In our examination of the Pre-mediation Conference (Client Interview by lawyer) a couple of weeks ago, we noted the need for the Mediation Advocate to obligatorily find out the underlying interests of the Client; that is, the actual reasons why the Client is pursuing the case through the judicial or quasi-judicial process. We noted that it was in this story behind the legal claims, that the Mediation Advocate is able to determine how best to manage the negotiation of the dispute. However, despite the procedural activity of a pre-mediation conference, some clients remain doubtful of the process and consistently desire to know from their advocates if the matters can truly be resolved through mediation. This is particularly so with new users of the process as they worry about what happens if mediation does not resolve the case.
Judicial Power
On a good day, clients are more comfortable sitting some distance away in the courtroom from an all-knowing and powerful Judge, exercising the power of State over a supposedly intransigent opponent. In their thinking, the opponent will not yield grounds unless forced to do so by the power of State. There is also reliance on the Lawyer who is, literally speaking, expected to be able to turn wrongs to right through advocacy skills. These thought trends are what gives fillip to the questionable belief that the litigation process does not fail. If litigation does not fail, we perhaps need to be educated on what appeals are all about. I have over the years come to know that everything in life has an obverse side.

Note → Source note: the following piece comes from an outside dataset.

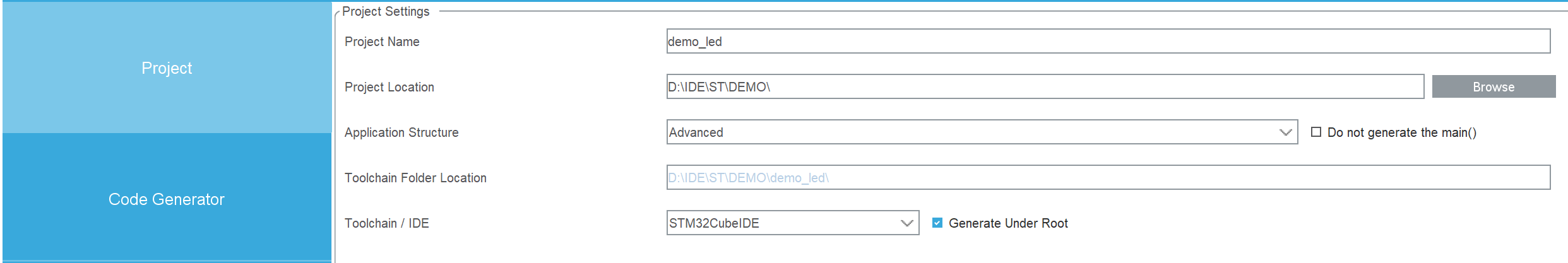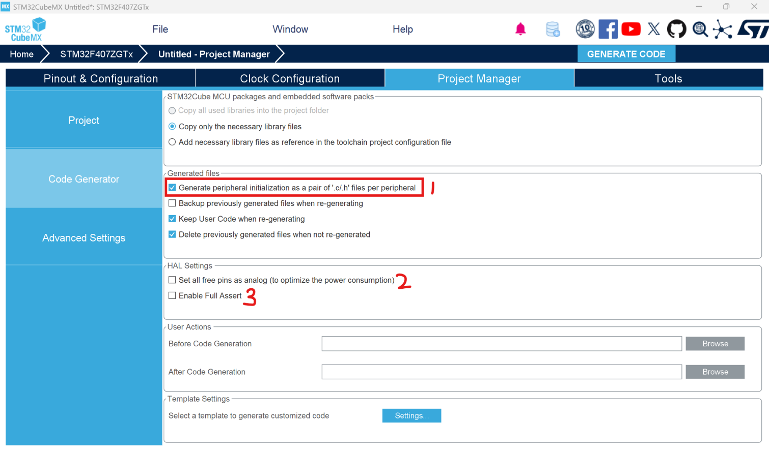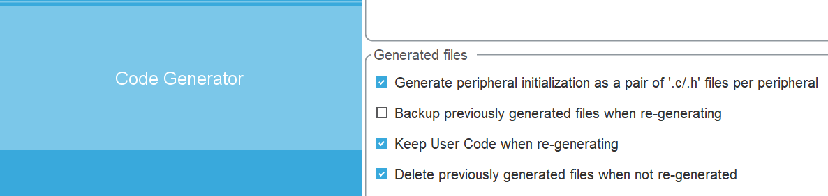 - Code Generator 页面:设置生成 C 语言代码的一些选项。

That whatever happens creates different results either for the person involved or to some other parties caught within the loop. That to every good thing exists a bad side and every bad situation its good side. If you are still in doubt consider the example that irrespective of the pains the death of a loved one engenders in relations, that same death throws up opportunities or joy to some others like the undertakers and persons who will be privileged to occupy the socio-economic vacancies the exit of the deceased will create. This reality bolsters my courage to give a try to whatever I consider useful, knowing that whatever failure at any point, may do good to me or to someone else. Mediation is not immune from this natural interplay. No one has ever presented mediation as foolproof. What can be said of it is that what is considered its failure may quite often throw up byproducts that become useful in the ultimate management of the dispute
Outcomes Of A Supposedly Failed Mediation
It is perhaps this belief in the obverse sides of mediation that very experienced professionals are wont to insist that mediation does not fail. This thinking is premised on superior process-knowledge that whenever a mediation is considered unsuccessful, chances are that an agreement may pop up at some short time thereafter based on new information and insights parties had gained about their dispute at the mediation session. It is also not unusual that some mediated disputes are resolved in part leaving some other contentious issues unresolved. Whenever this occurs, the logical step is to refer the unresolved issues to arbitration or litigation, depending on the preferences of the parties. It will be illogical to classify a partially resolved dispute in the mediation process as failed or an avoidable waste of time and money. Aside the fact that such outcomes will reduce the length of time parties spend in court dealing with the unresolved issues, both parties would already have gained fresh perspectives on the strengths and weaknesses of their respective cases. Examples may arise in auto accident cases where plaintiff suffers some grievous bodily injuries. Though defendant agrees his reckless driving caused the injuries on the defendant, he vehemently disagrees with the quantum of damages the plaintiff demands. This is because when people make monetary demands in lawsuits, the demanded sums are usually at variance with ascertainable costs. It is a demand rooted in emotion or made offhandedly with a punitive intent. Such demands will usually fall flat on their faces whenever proof of actuals are requested. For legal practitioners , a supposedly failed mediation process would have given counsel or mediation advocates engaged in the matter an opportunity to evaluate how convincing their clients are in proving their cases before a third party. The client who has himself observed the weaknesses of his case when juxtaposed with the evidential proof of the other party is likely to have a rethink of the entire case. Mediation is not an all-purpose vehicle. Professionals in the know are able to advise the client from the outset what best platform to resolve his dispute. However, if for the mere desire to ‘’penalize’’ his opponent the client chooses the litigation route in a matter well suited for mediation, he should not complain about the length of time or cost of the process. After all what goes around comes around.